Common extractions include:

Data access logic into repository classes
Validation logic into validator classes
Formatting logic into presenter or serializer classes
Notification logic into notifier classes
Configuration logic into configuration classes

AI-Assisted Refactoring Workflow

Here is a practical workflow for using AI in extract method/class refactoring:

Show the AI the code and ask it to identify extraction opportunities
Discuss the proposed extractions — ask about trade-offs and alternatives
Write characterization tests for the original code (see Section 26.3)
Have AI perform the extraction one method/class at a time
Run characterization tests after each extraction to verify behavior preservation
Review the refactored code to ensure it makes sense and is well-named

Prompt: "I've extracted the validation logic into a separate
OrderValidator class. Review the refactored code and check:
1. Is the interface between OrderProcessor and OrderValidator
   clean and minimal?
2. Are there any subtle behavioral changes from the extraction?
3. Are there additional methods that should move to
   OrderValidator?
4. Does the naming follow Python conventions?"

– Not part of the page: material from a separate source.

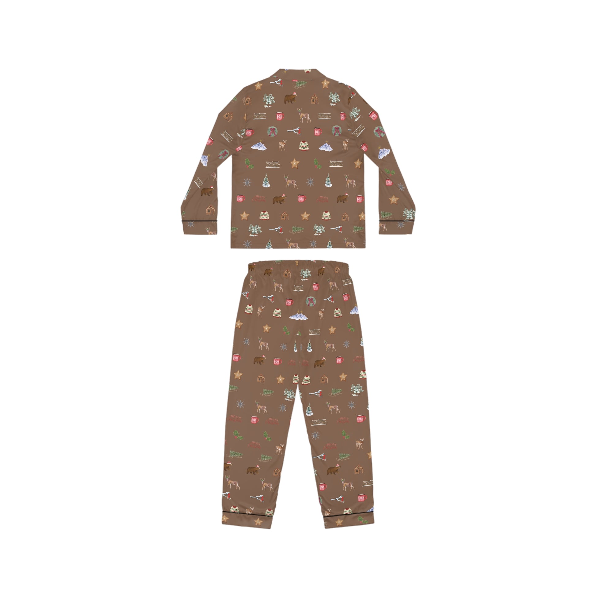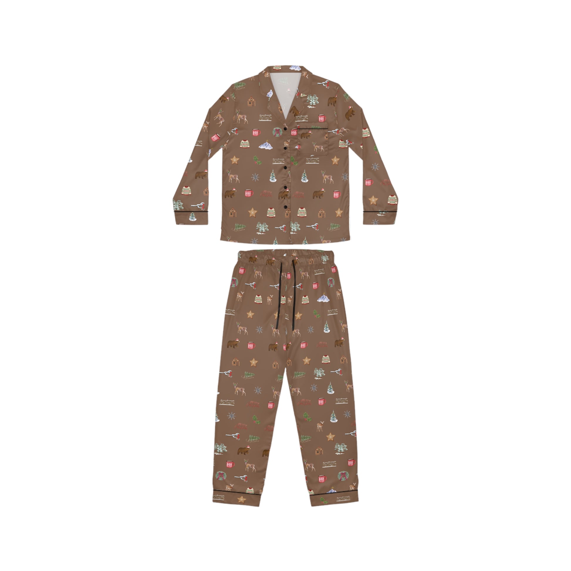 Mountain Christmas Holidays Brown Women's Satin Pajamas

Practical Tip: When extracting methods from legacy code, preserve the original method as a thin wrapper that delegates to the extracted methods. This ensures that all existing callers continue to work without modification. You can deprecate and remove the wrapper later.

26.6 Modernizing Dependency Structures

Legacy code often suffers from tangled dependency structures — circular imports, God objects that everything depends on, tight coupling to specific libraries, and global state scattered throughout the codebase. Modernizing these structures is essential for long-term maintainability.

Identifying Dependency Problems

Ask AI to analyze the dependency structure of your codebase:

Prompt: "Analyze the import statements in all Python files
under src/. Identify:
1. Circular dependencies (A imports B, B imports A)
2. Modules with more than 10 imports (potential God modules)
3. Direct imports of third-party libraries that should be
   abstracted
4. Inconsistent import patterns (some files use absolute
   imports, others use relative)"

Breaking Circular Dependencies

Circular dependencies are a common problem in legacy Python code. AI can help identify and resolve them:

Prompt: "The modules models.py and services.py have a circular
import. models.py imports ServiceRegistry from services.py, and
services.py imports User from models.py. Suggest three
different approaches to break this circular dependency, with
pros and cons of each approach."

Common solutions include:

Extract shared code into a third module that both import from
Use dependency injection to pass dependencies at runtime rather than import time
Use protocols or abstract base classes to define interfaces without concrete dependencies
Defer imports by moving them inside functions (a temporary fix, not a long-term solution)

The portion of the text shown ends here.